Under this line is some data; print exactly the lines from the one containing "この「毘沙門堂」の脇に立って" through its last line, without pictures.

▶ **Extracted material**:
====

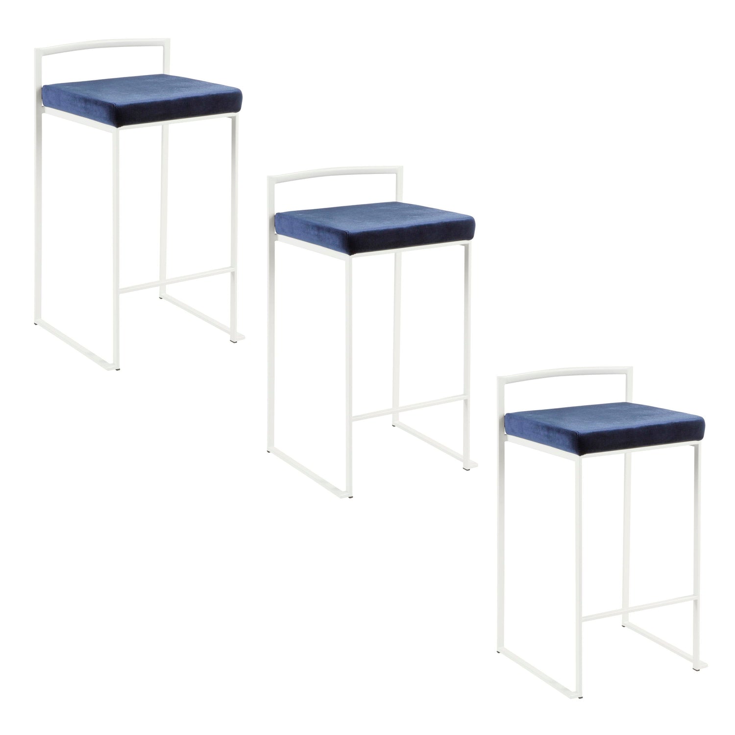 Fuji - Contemporary Stackable Counter Stool (Set of 3) - White / Blue
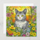 Hübsche, farbenfrohe Katze und Blume gelbe Blumenkunst.
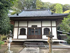 この「毘沙門堂」の脇に立って、「鐘楼」の方を向くと(「本堂」は左側となる)、通りを挟んで左に「鐘楼」、右に先ほどの「観音堂」が見えるが、この通りの右手に「伊能忠敬の墓」に行ける階段がある。↓
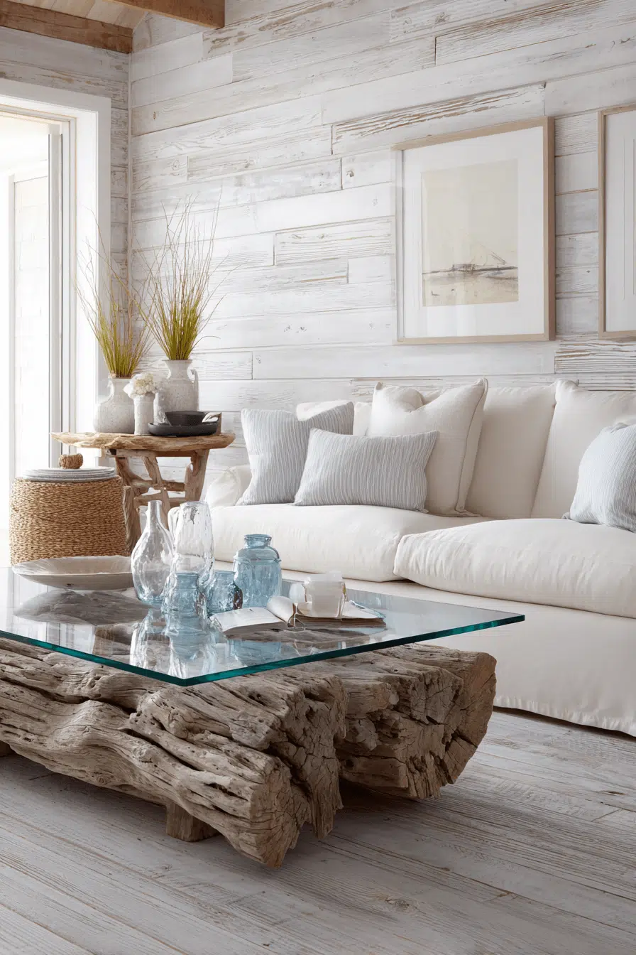 Weathered wood accents add character and authenticity to beach house decor. A reclaimed table or sun-faded frames introduce organic texture that feels grounded and natural. The worn finish contrasts beautifully with bright walls and flowing textiles. This works because beach house decor celebrates materials shaped by sea air and time. Keep styling minimal so the texture shines. Click to layer rustic warmth into your coastal space.
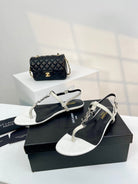 SL Cassandra Croc-Embossed Thong Sandals Black White Leather

====

▶ **Result of this exercise**:
 この「毘沙門堂」の脇に立って、「鐘楼」の方を向くと(「本堂」は左側となる)、通りを挟んで左に「鐘楼」、右に先ほどの「観音堂」が見えるが、この通りの右手に「伊能忠敬の墓」に行ける階段がある。↓
 Weathered wood accents add character and authenticity to beach house decor. A reclaimed table or sun-faded frames introduce organic texture that feels grounded and natural. The worn finish contrasts beautifully with bright walls and flowing textiles. This works because beach house decor celebrates materials shaped by sea air and time. Keep styling minimal so the texture shines. Click to layer rustic warmth into your coastal space.
 SL Cassandra Croc-Embossed Thong Sandals Black White Leather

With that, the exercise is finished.